» **Problem**
Type the data below again exactly. Omit all pictures.

» **Material provided**
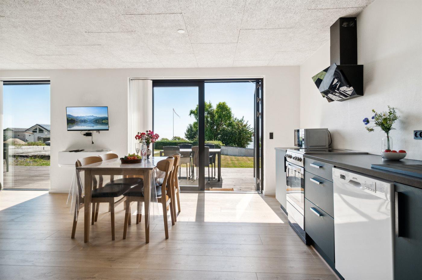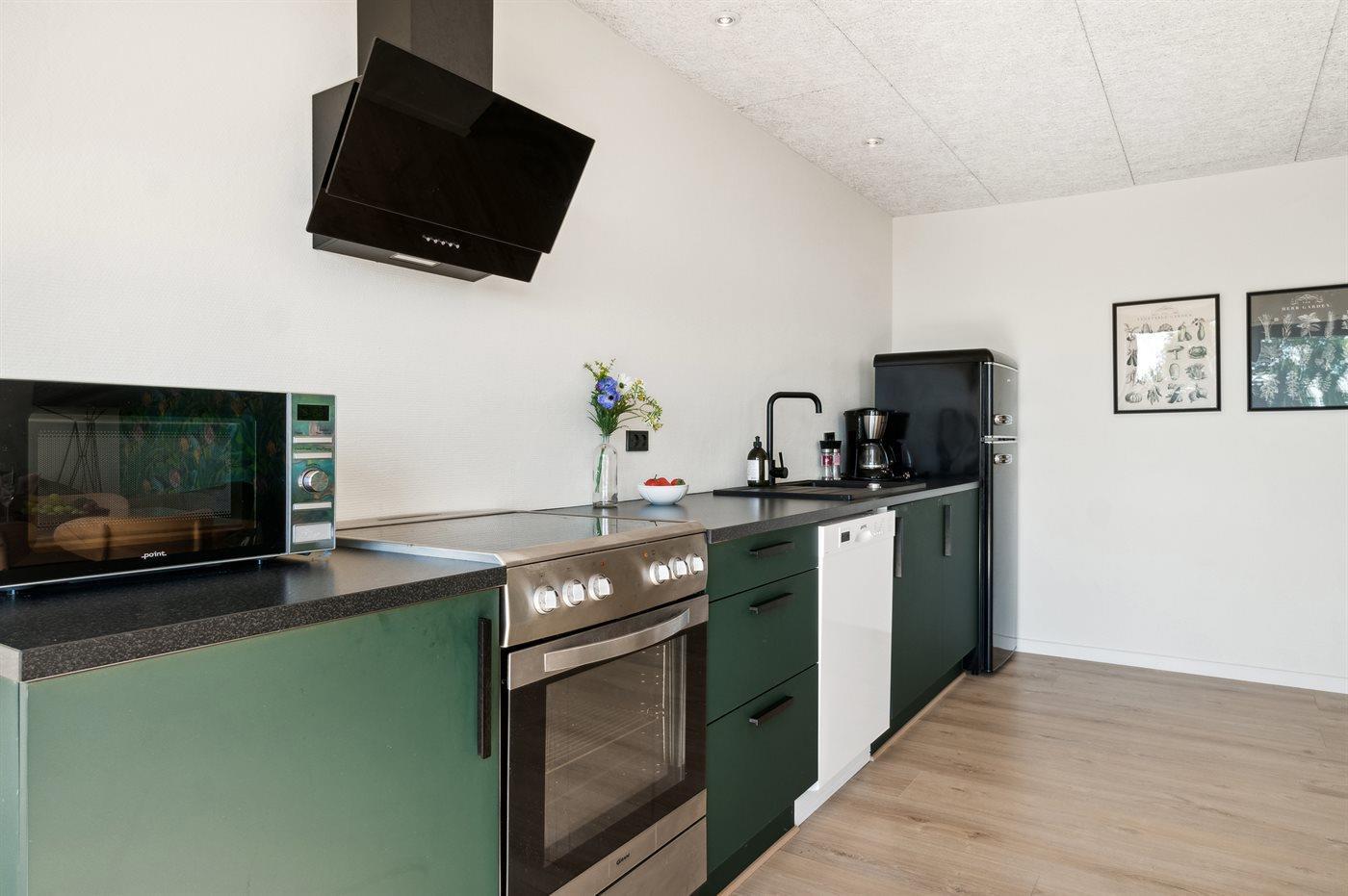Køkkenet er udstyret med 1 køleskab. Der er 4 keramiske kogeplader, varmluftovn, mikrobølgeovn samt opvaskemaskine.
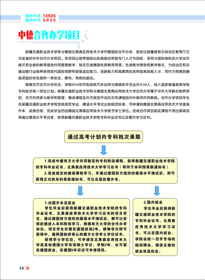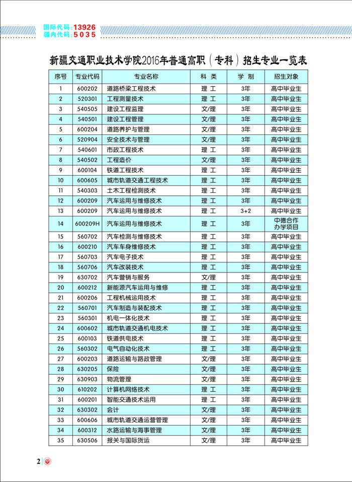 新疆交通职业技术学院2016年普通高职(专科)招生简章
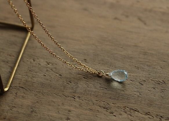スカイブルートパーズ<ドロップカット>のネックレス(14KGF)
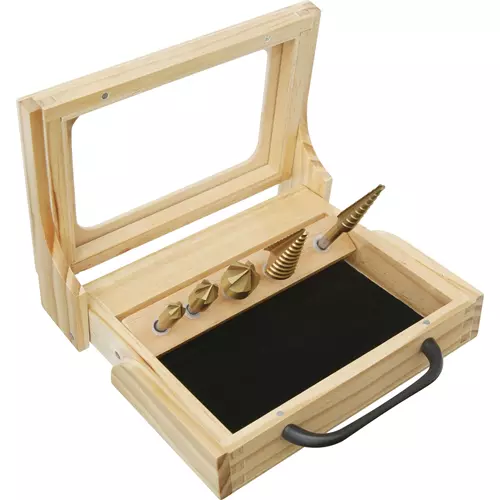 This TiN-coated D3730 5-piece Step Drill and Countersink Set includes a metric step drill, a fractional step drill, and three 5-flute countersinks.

» **Your solution**
Køkkenet er udstyret med 1 køleskab. Der er 4 keramiske kogeplader, varmluftovn, mikrobølgeovn samt opvaskemaskine.
 新疆交通职业技术学院2016年普通高职(专科)招生简章
スカイブルートパーズ<ドロップカット>のネックレス(14KGF)
 This TiN-coated D3730 5-piece Step Drill and Countersink Set includes a metric step drill, a fractional step drill, and three 5-flute countersinks.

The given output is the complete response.